Эссе – самый распространенный вид, свободное размышление на определенную тему. К эссе можно отнести все несюжетные миниатюры, а также не являющиеся «картинками с натуры». Тема природы предстает здесь, скорее всего, экологической стороной. Эссе, кроте того, потенциально включает все многообразие тем, размышлений по самым разнообразным проблемам бытия, включая вопросы художественного творчества. (В. Астафьев, В. Солоухин, В. Дементьев).
Типологической особенностью притчи А. С. Георгиевский считает некую «закодированность» при серьезном философском содержании, экстраполяции на «вечность», глубокую социальную проблематику. (А. Солженицын, В. Солоухин, В. Крупин).
Бытовые зарисовки, сценки, картинки из жизни – лишены каких-либо авторских комментариев; весьма лаконичны. Интерпретация смысла отдана читателю (Ф. Абрамов, В. Солоухин)[1].
Кроме перечисленных жанров, исследователь выделяет также афоризм, стихотворение – сюжетную миниатюру, юмористические или сатирические сказы (анекдоты) и сказы о природе. Мы не останавливаемся на этих жанровых формах, так как их не наблюдаем в творчестве Михаила Тарковского.
Нам представляется также необходимым разграничить синонимичные понятия очерк, эскиз, этюд, набросок. Заметим, что все перечисленные жанровые определения свидетельствуют о связи с изобразительным искусством и указывают на преобладание описательных приемов в произведениях. Из них только «очерк» относится к явлениям собственно словесным, хотя и его жанровые признаки неустойчивы, размыты. Отличительной особенностью очерка В. Канторович называет документальность, достоверность, понимаемые в широком смысле слова: «Вымысел в очерке не должен настолько деформировать непосредственное наблюдение, чтобы нарисованная автором картина переставала быть – и восприниматься читателем – как локальная, достоверная, документальная в своей основе»[2]. Близко, по определению В. И. Даля, понятие «эскиз»: «начальный, легкий очерк сочиняемой картины, набросок, оклад»[3]. Следуя этому определению, жанровой особенностью эскиза можно назвать непрорисованность, незавершенность, своего рода «акварельность», размытость изображаемой картины. Почти не отличается от эскиза этюд – произведение, «выполненное с натуры с целью ее изучения и обычно служащее предварительной разработкой какого-либо произведения или его части»[4]. Основное отличие эскиза от этюда в живописи заключается в функции произведения: эскиз – своего рода «заготовка» для основного произведения, этюд же – ученическая работа, тренировка, изучение предмета изображения. И эскиз, и этюд обладают признаками незавершенности, фрагментарности, однако обоим жанрам присуща большая целостность, нежели наброску – рисунку, намечающему лишь общие (без окончательной отделки) черты того, что должно быть изображено[5].

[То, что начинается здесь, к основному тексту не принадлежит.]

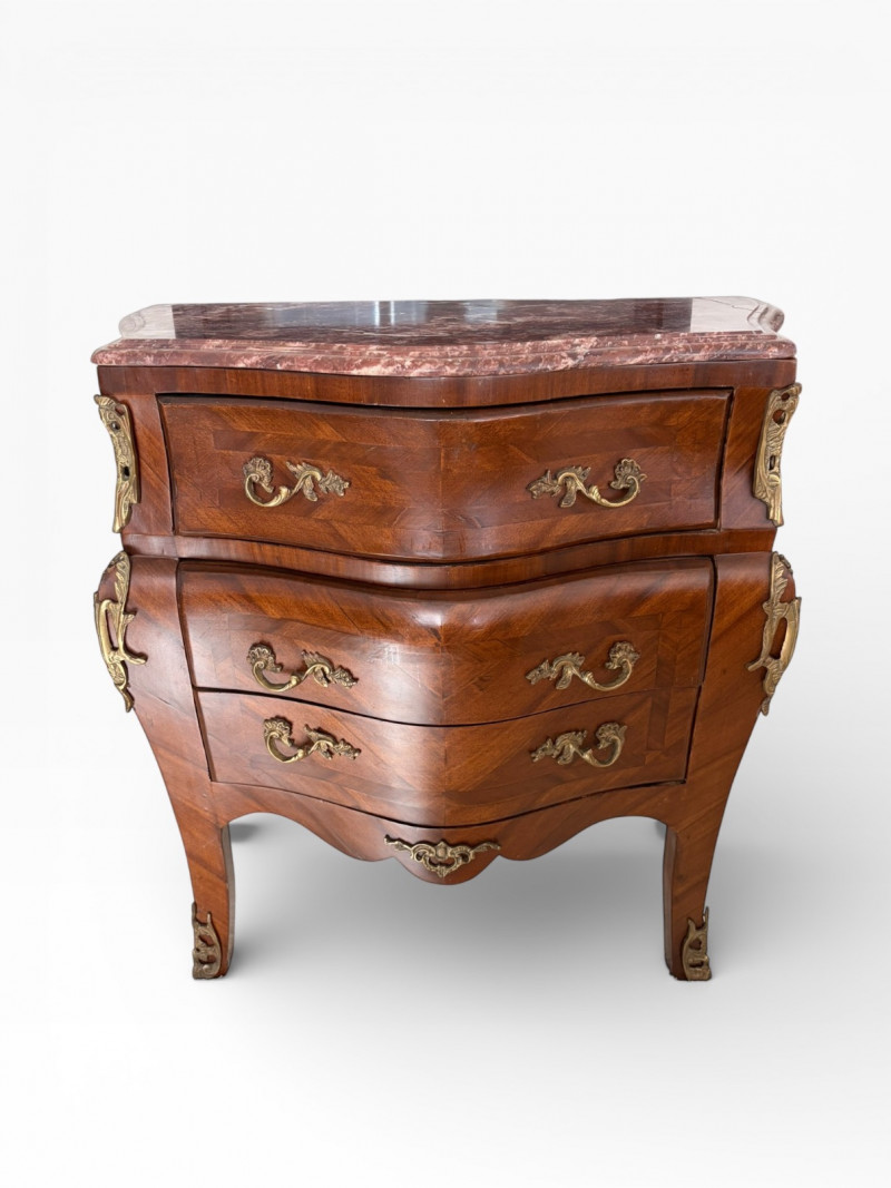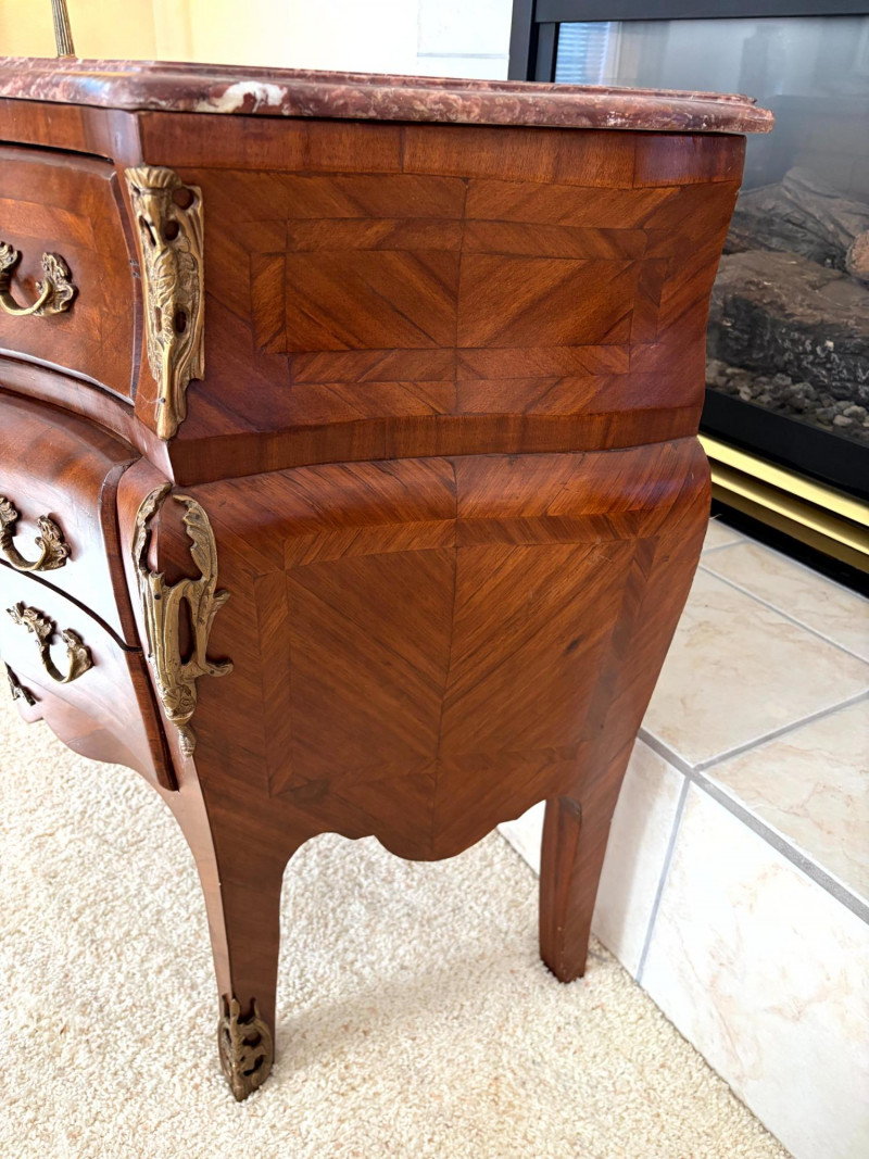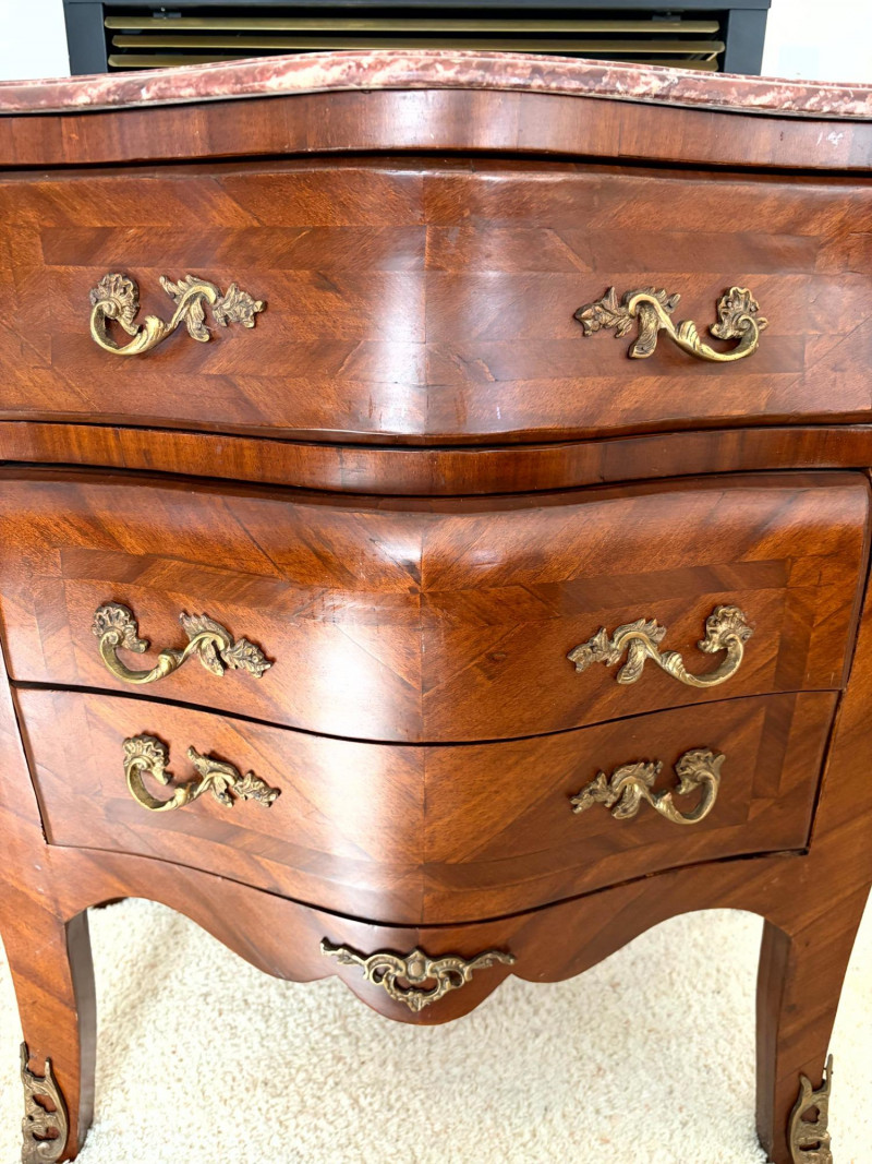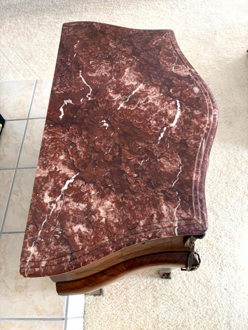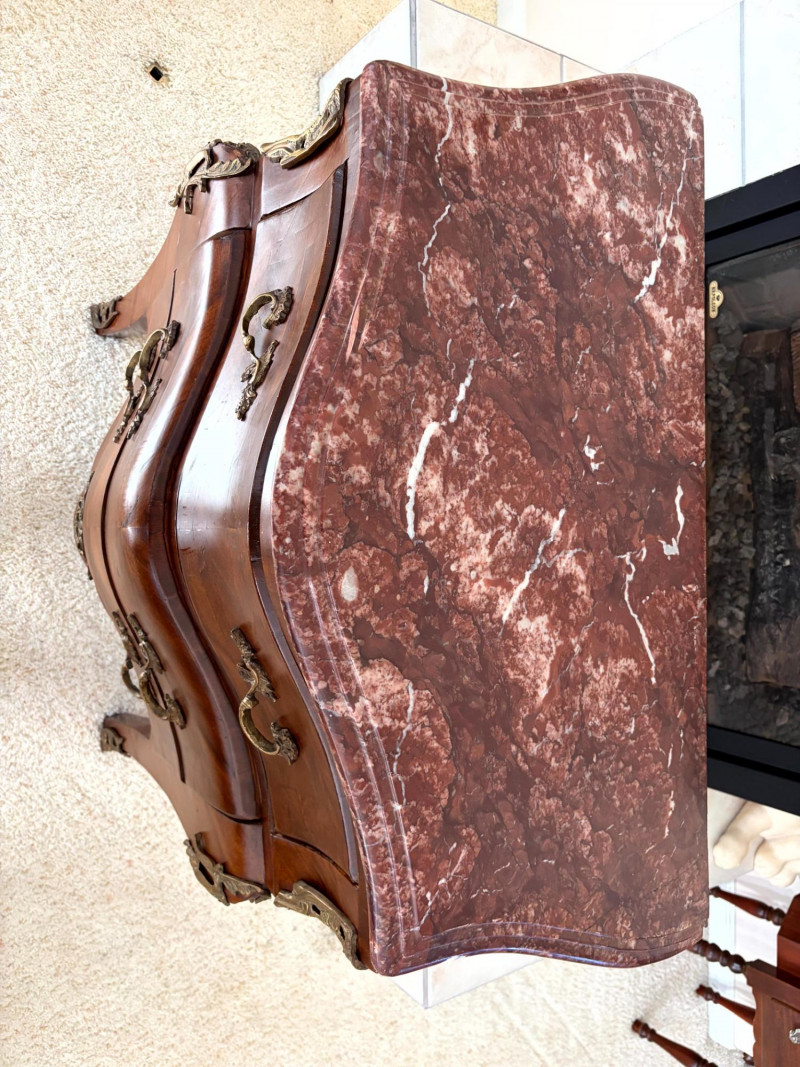 Louis XV Style Mounted Marble Top Bow Front Commode.

Рассказам М. Тарковского присущи признаки всех перечисленных жанровых форм. Кроме того, исповедальный характер лирической прозы допускает две противоположных формы взаимоотношений субъекта и адресата: с одной стороны, эти произведения тяготеют к дневниковости, то есть автоадресованности, сокровенности, интимности. С другой, как и любое художественное явление, требуют адресата, образ которого так или иначе возникает в тексте. В творчестве М. Тарковского элементы дневника и сказа как формы устного высказывания сосуществуют даже в пределах одного произведения. Опираясь на литературоведческие исследования в области теории малых жанров, мы выделяем различные жанровые формы в творчестве современного писателя.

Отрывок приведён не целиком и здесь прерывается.